Italiani pasta, pizza, mandolini e mafia insomma. Non basta rivendicare il valore «assoluto», contro ogni censura, della satira: altrimenti perché le brillanti matite di Charlie Hebdo non hanno mai pensato di irridere alla sanguinosa strage terrorista che ha riguardato quella redazione due anni fa definendola magari, «Paté de foie gras»?

Da tempo del resto Charlie Hebdo – matite alla deriva – non fa più ridere, fermo com’è allo stilema pentito degli anni Sessanta, quello che, da irriverente e insurgente è subito diventato politicamente corretto o, a piacimento, scorretto.

Come nei disegni famosi in cui l’effige di Maometto appare, inesorabilmente, disegnata come un culo o come due zebedei.

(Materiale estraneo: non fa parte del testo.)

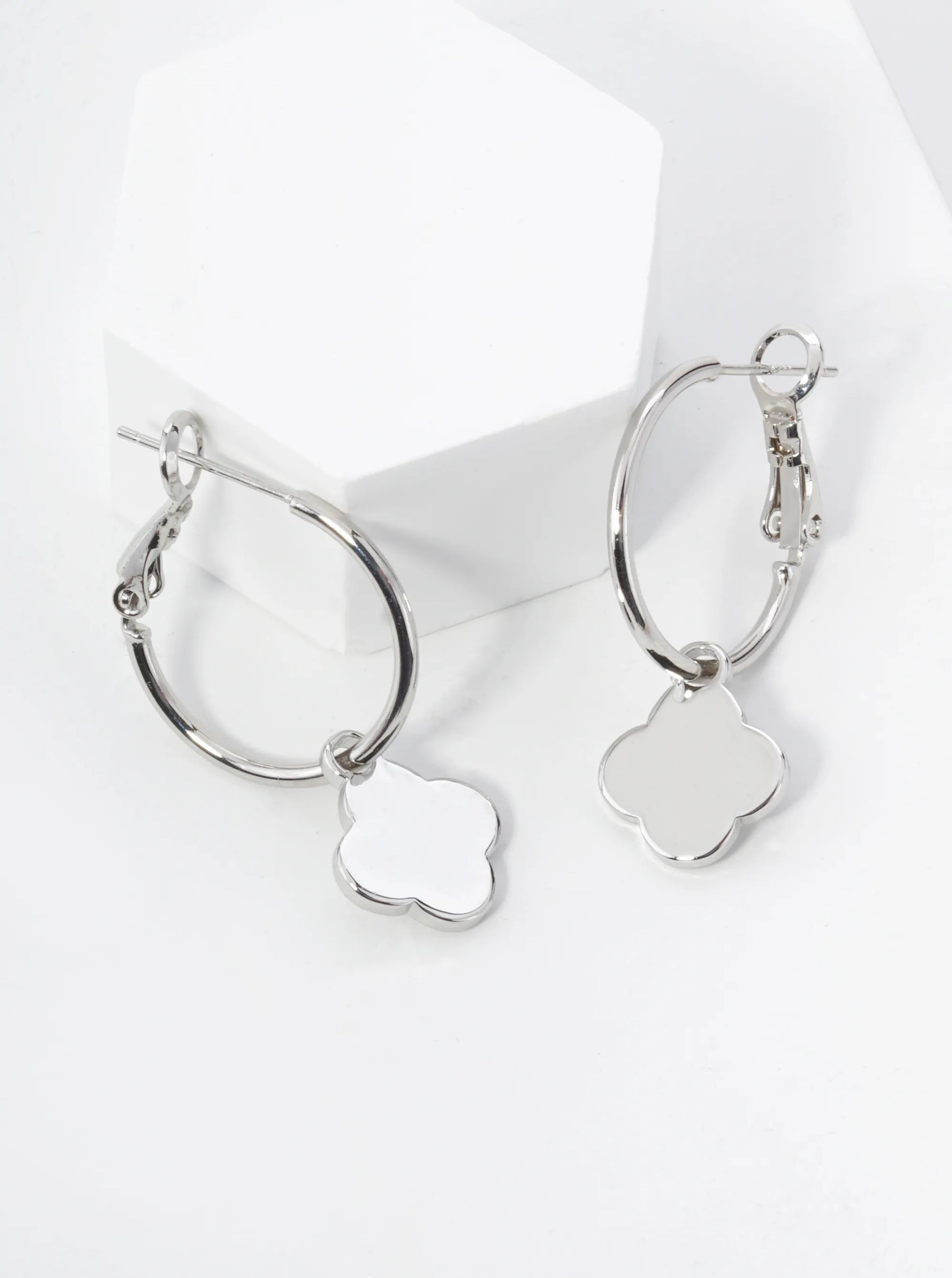 These Earrings Feature A Stunning Quatrefoil Drop Design With A Diameter Of 12mm, Plated In 18K Gold For A Luxurious Finish. They Are Elegantly Suspended From Leverback Hoop Earrings Measuring 20mm In Diameter. The Combination Of The Intricate Quatrefoil Pattern And The Classic Hoop Style Creates A Sophisticated And Timeless Accessory.

E tutti a sogghignare visto l’anti-islamismo dilagante.

Ma, ricordate, perfino il cristiano papa Francesco di fronte a tanto, disse che ad una provocazione simile si rischia di ricevere una giusta risposta: «Se uno offende mia madre gli dò uno schiaffo».

Stavolta non è Maometto l’oggetto della vignetta. Ma i trecento morti del terremoto di Amatrice. Dagli all’indignazione nazionale.

Comunque, nell’antropologia europea riunita, se l’arroganza e il cattivo gusto restano una insopportabile peculiarità francese, la superficialità corrotta e criminale – come i terremoti hanno insegnato – ci appartiene tutta. E c’è poco da ridere.

  • Roberto

    Condividerei almeno in parte la critica di TDF a certe vignette di Charlie Hebdo, ma letta la chiosa che pare prelevata da La disfida di Barletta di Alessandro Blasetti (1938): “l’arroganza e il cattivo gusto restano una insopportabile peculiarità francese” – lo sconforto ha il sopravvento, è da tutto da buttare.

  • Carlo1971

    In effetti la vignetta non è felice, ma solo perché è troppo sottile. Intende che i terremotati saranno ora, metaforicamente, “piatti succulenti” che “ingrasseranno” qualcuno. Esattamente come i terremotati precedenti. E la vignetta pubblicata in risposta ribadisce il concetto. Più che indignazione, a me provoca un sorriso amaro. La satira non piace a chi colpisce, ma non ci si può fare nulla.

  • sebastiano

    Ipocriti…..senza memoria……ora e sempre Charlie Hebdo

  • alexandra

    Analisi perfetta.

  • beppe

    semplicemente vignette stupide, senza alcuna ironia. sbagliate, in una parola;
    inefficaci;
    e non fanno nemmeno pensare, se non al cattivo gusto e alle sue varianti razziste;
    le sottili letture proposte fanno sorridere

  • pilar castel

    Riaffermato che la Satira non può avere censure e non è sinonimo di comicità, trovo le vignette semmai sempliciotte e di sicuro c’è la mano qualche italiano dietro visto la classificazione delle paste :la pasta al pomodoro e quella col pan grattato sono i ‘primi’ poveri, le lasagne la pasta della domenica , infatti notare che le lasagne sono fatte di bigliettoni. Razzisti ? Alla parola Amatrice tutta l’italia ha visualizzato un piatto di spaghetti con pomodoro e pancetta , ci ha messo un secolo a farsi un nome.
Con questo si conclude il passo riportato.